Dell eyes two-thirds of sales from outside U.S. in 5 years

BEIJING Fri May 30, 2008 3:23am EDT

File photo shows Dell Inc Chief Executive and founder Michael Dell addressing investors at the Dell 2008 Equity Analyst Meeting in Round Rock, Texas, April 3, 2008. REUTERS/Bob Pearson

File photo shows Dell Inc Chief Executive and founder Michael Dell addressing investors at the Dell 2008 Equity Analyst Meeting in Round Rock, Texas, April 3, 2008.

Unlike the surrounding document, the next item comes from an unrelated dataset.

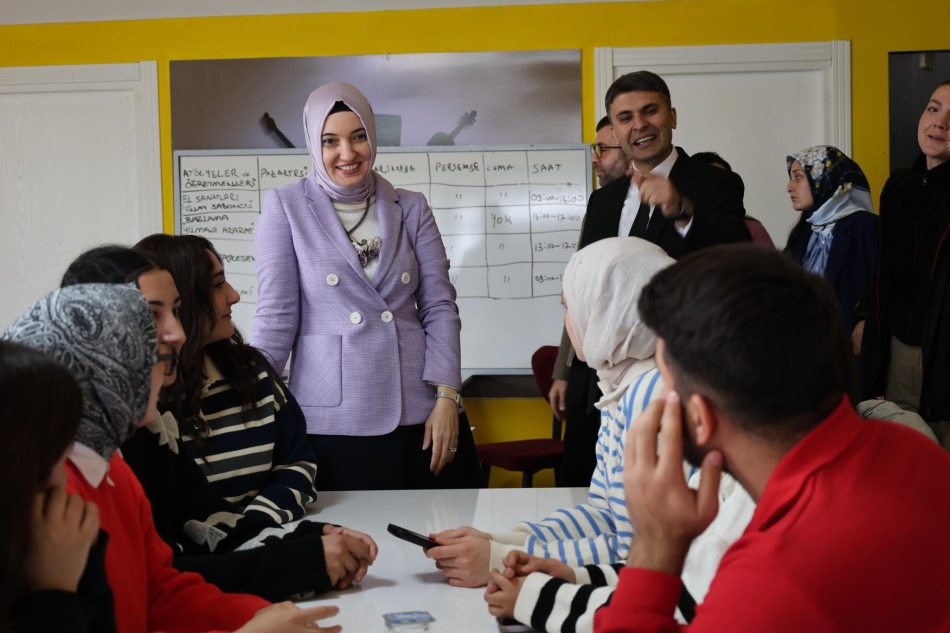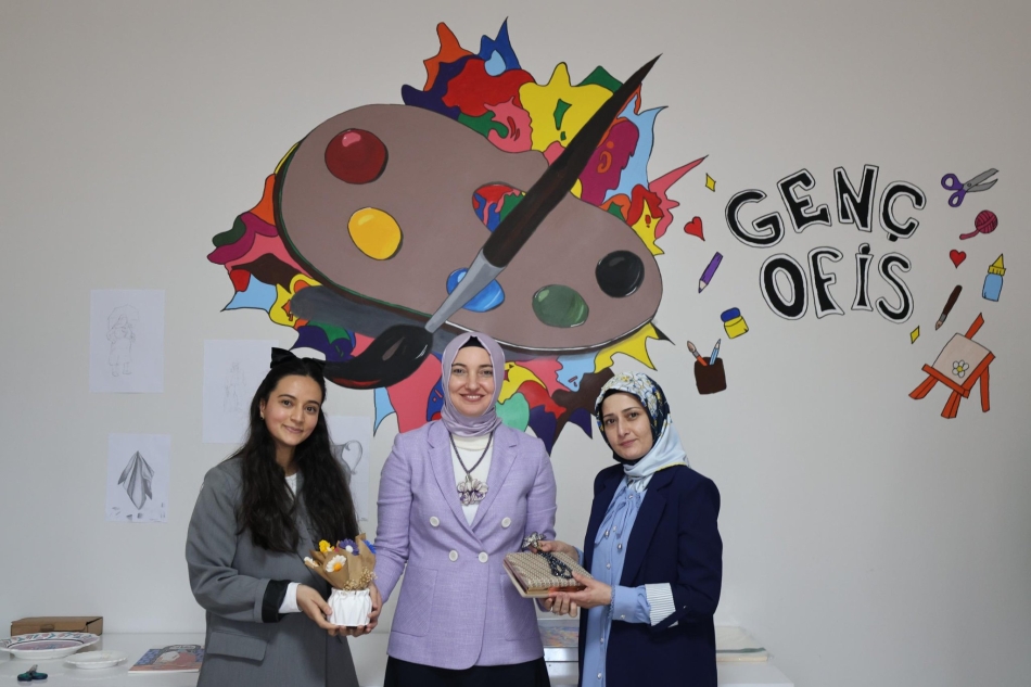 Ziyaret kapsamında, üniversite öğrencileri ve gençlere yönelik olarak Genç Ofis'te açılan el sanatları, kişisel gelişim ve mesleki eğitim kurslarına katılan gençlerle sohbet eden Neslihan Gül Koç, yürütülen çalışmalar hakkında yetkililerden bilgi aldı.

Credit: Reuters/Bob Pearson

BEIJING (Reuters) - Dell Inc DELL.O, the world's No. 2 personal computer maker, said on Friday sales outside the United States were growing much faster than its home market and could account for two-thirds of total revenues within five years.

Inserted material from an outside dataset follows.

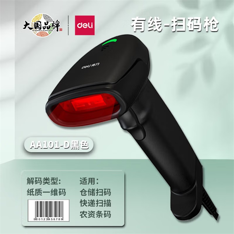 • 商品名称:得力AA101-D条码扫描枪一维扫描器有线 黑色
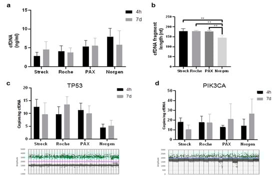 Next, we aimed to analyze cfDNA stability in plasma from five of the eight subjects above, as future studies may want to combine cf-miRNA and cfDNA markers for disease diagnosis. We focused on the 4-h and 7-day timepoints, as all vendors claimed to stabilize cfDNA for at least 7 days. DNA content remained stable in all conditions (Figure 3a), with the most cfDNA extracted from samples stored in Norgen tubes (Supplemental Figure S6), closely followed by PAX tubes. The least amount was extracted from Streck and Roche tubes (Supplemental Figure S6). In addition to cfDNA quantification, the size of cfDNA was analyzed. All tubes yielded cfDNA with similar peak sizes ranging from 168 to 180 bp, except Norgen tubes, with a significantly lower peak size at around 150 bp at both investigated time points. (Figure 3b and Supplemental Figure S7). Finally, we utilized droplet digital PCR (ddPCR) to measure the amounts of two cancer relevant genes, TP53 and PIK3CA (Figure 3c,d). For TP53, the least amount of counts were found in samples stored in Norgen tubes (Figure 3c). For PIK3CA, similar copies were obtained from all four tube types (Figure 3d).

Revenue from international regions topped U.S. revenue for the first time, with Brazil, Russia, India and China (BRIC) leading the way with 73 percent shipment growth in the first quarter, Steve Felice, president of Dell Asia-Pacific and Japan, told reporters during a teleconference.

At the rate things are going "two-thirds could come in five years," said Felice, referring to sales from outside the U.S.

The comments came after Dell posted higher-than-expected quarterly profit, driven by cost cuts and strong demand from consumers and foreign markets, pushing its shares up nearly 10 percent in after-hours trade.

Dell pointed to the strong performance as evidence that a year-long turnaround led by founder Michael Dell, who returned to the chief executive post in January 2007, was yielding results.

However, Dell said U.S. corporate customers were still cautious about buying given the uncertain economic outlook.

The firm's Americas revenue rose 1 percent in the quarter ended May 2, although server unit shipments soared 20 percent, four times that of the industry.

Dell has announced a plan to cut 8,900 jobs to reduce costs, but said Asia -- with faster sales growth and a large part of the company's supply chain -- would see more job growth.

"You will continue to see continued head-count growth in Asia," he said.

In March, the company said it would buy $23 billion of components from China this year and $29 billion in 2009, rising from $18 billion last year to help reduce costs.